— The case is presented by an alternative report of referees, stating the facts proved before them.
The action appears to have been assumpsit, commenced by the plaintiffs to recover damages for a refusal by the defendants to perform a written contract made between the parties on March 31, 1842, for the sale and purchase of a quantity of ice. The defendants agreed to sell to the plaintiffs all the ice at certain places named, at the price of four dollars per cord. Five hundred dollars were to be paid on the execution of the contract, to be applied in payment “ for the last ice received.”
The balance was to be paid “ one-half in thirty and one-half *262in sixty days, and if any of the ice is taken away sooner, then payment is to be made as fast as taken.”
Five hundred dollars were paid and accepted as the payment on the execution of the contract. Six hundred dollars were paid on April 30, 1842, and one hundred and twenty-five dollars were paid on May 27 or 28, 1842. The quantity of ice, was determined to be three hundred and fifty cords, by an admeasurement made by a person selected by the parties. The plaintiffs had received two hundred and forty-seven and one-half cords of it.

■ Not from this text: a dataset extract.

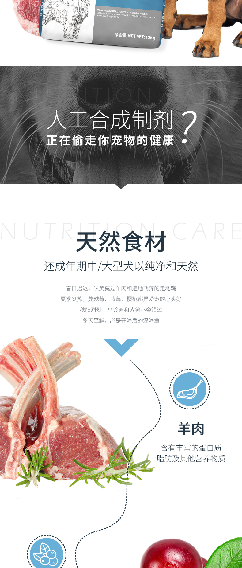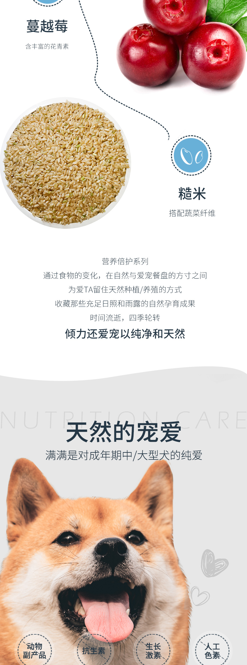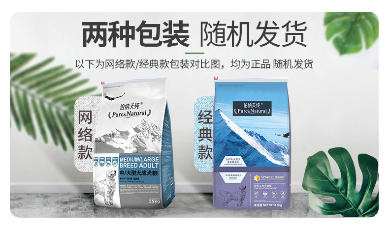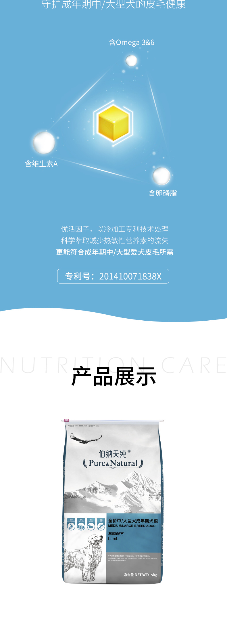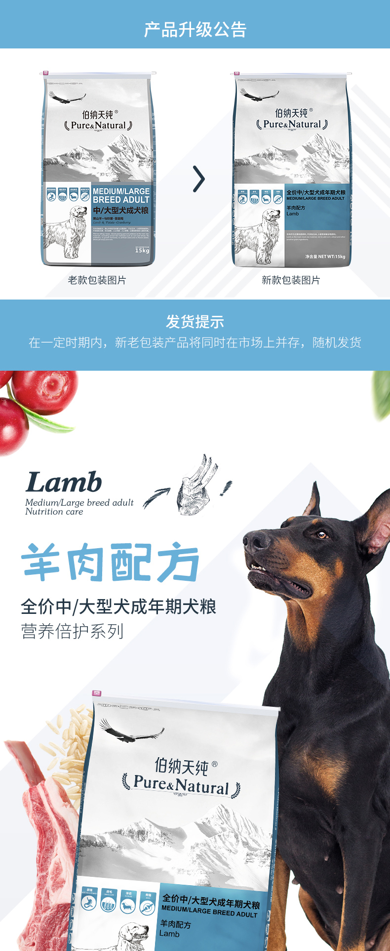 【买套餐即赠超多礼品】伯纳天纯中型大型成犬狗粮15KG,肉类+果蔬+草本配方,金毛法斗萨摩通用型犬粮,无谷天然,低敏健康

They did not fulfil the contract on their part by paying for the whole of the ice in sixty days. Nor had they paid according to the contract as fast as they had taken the ice away. Under these circumstances the defendants refused to deliver the residue of the ice without payment for it.
When payment is by agreement to be made for goods sold, at the time of delivery, they do not become the property of the purchaser unless payment be made or tendered, or there be a waiver of the right to exact it. Houdlette v. Tallman, 14 Maine, 400; Levin v. Smith, 1 Denio, 243.
If the defendants may be considered to have waived their right to claim payment on delivery, so far as it respects the quantity delivered, still the plaintiffs, to be entitled to exact performance by a delivery of the residue, should have paid for the whole quantity of ice within the sixty days. This they failed to do. Having failed on their own part to perform, they cannot recover damages of the defendants for refusing to deliver the residue of the ice. Nor can they recover back the money paid in part execution of the contract. Appleton v. Chase, 19 Maine, 74.
The report of the referees in favor of the defendants, is accepted.
Note. —Wells, J. was not present at the argument, and took no part in this decision.